For many, franchising is a rather opaque concept.
Although Swedish and international commerce is filled to the brim with companies using the franchise method, it is frequently misunderstood. Therefore, we will clarify some of the concepts, from two perspectives.
The Franchisor’s perspective
It is common for the leader of a stable and profitable business to want to expand further and let the business grow. It could involve setting up a new store, factory or a new office. In many cases, this entails investing in a new place and letting an employee run the new venture.
For the one who wishes to expand, franchising offers a possibility to expand your business without making the investment yourself or having staff liability etc. Through packaging and offering your business idea to others, the owner can expand by means of franchisees that pay a fee for the access to the business idea and concept. This way, the franchisor can expand and/or protect the distribution of her products and/or make money solely from leasing the business idea.

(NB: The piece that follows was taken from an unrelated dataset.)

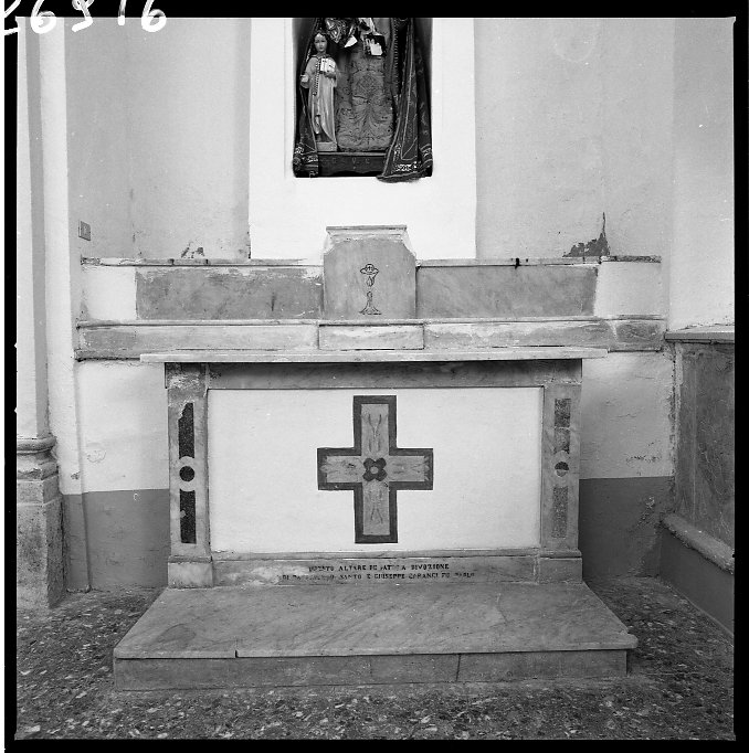 - ISCRIZIONI sullo zoccolo del paliotto - QUESTO ALTARE FU FATTO A DEVOZIONE/ DI PASQUALE DI SANTO E GIUSEPPE CARANCI FU PAOLO - lettere capitali -

The franchisor can earn in several ways
- Entry-fee, an initial fee when the franchisee starts
- Franchise-fees or renting the business concept
- Mark-up on goods or services
- Taking a share of provisions and other earnings.
It is the franchisor that owns the business concept and offers it for rent to others.
The franchisee’s perspective
One who wants to start their own business can of course start from scratch and make their own mistakes. Alternatively, they rent a finished and demonstrably successful business concept. Franchising can be described as renting a tried and tested business concept, complete with instructions and continual guidance on running the business.
It can also involve complementing ones business with an new business concept. A chain of restaurants might want to complement itself with fastfood-franchise. An insurance company might want to expand its product portfolio and rents a concept of another insurance company.
Franchising is also a mode of cooperation between independent parties. The one, the franchisor, owns a successful business concept and leases it to a franchisee. A second, the franchisee, has her own company rents the concept of another, and forms a link in a chain that uses the same business concept.